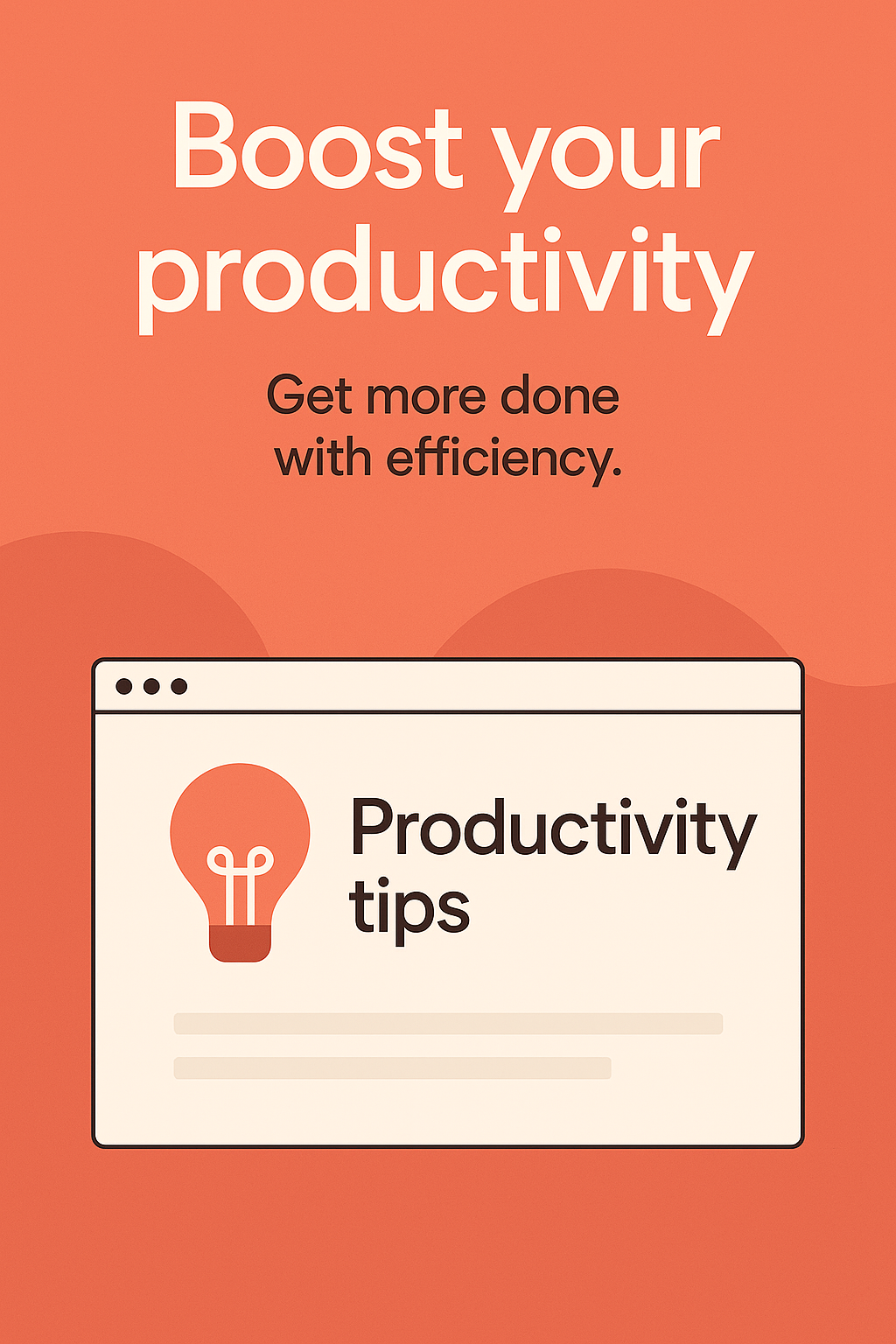 A vibrant motivational graphic designed to promote productivity tips, featuring a light bulb icon and modern typography, ideal for social media or blog use.
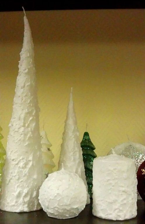 Свеча в виде новогоднего конуса в снегу. Еще это напоминает оледеневшую, заснеженную сосульку, или ёлку полностью покрытую снегом. Такие высокие свечи в новогоднем стиле, удобно ставить на новогодний стол, вместо классических канделябров с длинными свечами, ими удобно декорировать камин, подоконники и украшать интерьеры и витрины магазинов и цветочных салонов. Новогодние свечи конусы, отлично впишутся в качестве комплектующих или акцентного декора для больших рождественских композиций и диорам.
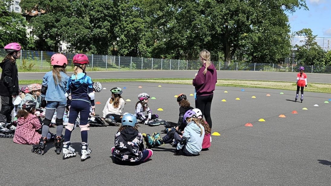 - Skate-Einheiten zum Erlernen der Basics & Sicherheit auf Skates, anschließend liegt der Schwerpunkt auf abwechslungsreichen Übungen zur Anwendung des Erlernten.
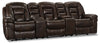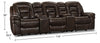 Create a warm and welcoming setting for your family with this plush, five-piece Leo power reclining home theatre sectional. Swathed in Leath-Aire upholstery, this revolutionary leather-look fabric adds a stylish look to your home while remaining breathable. Each cushion is filled with high-density foam to provide a cozy space to unwind. Meanwhile, multiple seats recline so you can choose where to stretch out at the end of a long day. Get comfortable on this Leo Leath-Aire home theatre sectional.

EXERCISE: The task calls for duplicating the data exactly, with no images kept.

YOUR SOLUTION:
 A vibrant motivational graphic designed to promote productivity tips, featuring a light bulb icon and modern typography, ideal for social media or blog use.
 Свеча в виде новогоднего конуса в снегу. Еще это напоминает оледеневшую, заснеженную сосульку, или ёлку полностью покрытую снегом. Такие высокие свечи в новогоднем стиле, удобно ставить на новогодний стол, вместо классических канделябров с длинными свечами, ими удобно декорировать камин, подоконники и украшать интерьеры и витрины магазинов и цветочных салонов. Новогодние свечи конусы, отлично впишутся в качестве комплектующих или акцентного декора для больших рождественских композиций и диорам.
 - Skate-Einheiten zum Erlernen der Basics & Sicherheit auf Skates, anschließend liegt der Schwerpunkt auf abwechslungsreichen Übungen zur Anwendung des Erlernten.
 Create a warm and welcoming setting for your family with this plush, five-piece Leo power reclining home theatre sectional. Swathed in Leath-Aire upholstery, this revolutionary leather-look fabric adds a stylish look to your home while remaining breathable. Each cushion is filled with high-density foam to provide a cozy space to unwind. Meanwhile, multiple seats recline so you can choose where to stretch out at the end of a long day. Get comfortable on this Leo Leath-Aire home theatre sectional.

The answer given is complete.